Along with lack of remote processes, this is probably the sole reason it is so hard to transfer the picture from your phone to your laptop: byzantine structures must exist on all systems to do the simplest of things, and every time we wish to do a new simple thing that byzantine structure needs an upgrade, typically on both sides. How awful. This is probably also my cue to moan about Bluetooth, but this blog entry is already long enough.
Many MPA applications already get a security leg up by having their applications separated by the operating system. They can't poke around at each other's memory locations, crashing doesn't take down the whole system, etc. This is really just a few tips of what is really a monumental iceberg, however.

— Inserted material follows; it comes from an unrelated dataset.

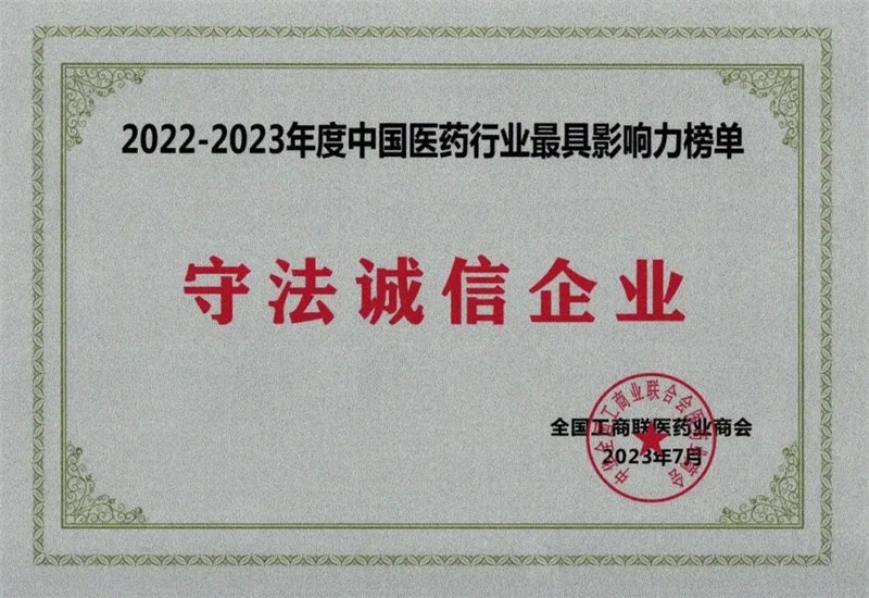 哈三聯榮獲“2022-2023年度中國醫藥行業守法誠信企業”

It ought to be possible to put each process in its own container with its own runtime restrictions. The Linux middleware people working on things like kdbus and systemd along with the plethora of containerization projects out there are racing to bring this to individual applications. MPA applications ought to take advantage of these things to keep attack vectors down while allowing each process in the swarm access to all the functionality it needs.
Combined with radical MPA, this could be a significant boost: imagine all external input (e.g. from the network) being processed into safe, internal data structures in a process that runs in its own security context. Should something nasty happen, like a crash, it has access to nothing useful.
OpenSSH already went in this direction many years ago with privelege separation, but with modern containerization we could take this to a whole new level that would be of interest to many more applications.
Again, it means having the right frameworks available to make this easy to do.
... in conclusion
So we've now seen the common benefits of MPA, the common downsides of MPA and finally some more exotic possibilities which are rarely taken advantage of but would be very beneficial as common patterns.
Next we will look at how to bring this all together and attempt to describe a more perfect system which avoids the negatives and offers as many of the positives as possible.
The ultimate goal is completely robust applications with improved security and flexibility that can work more naturally (from a human's perspective) in multi-device environments and, perhaps, allow us to start tackling the more thorny issues of privacy and social computing.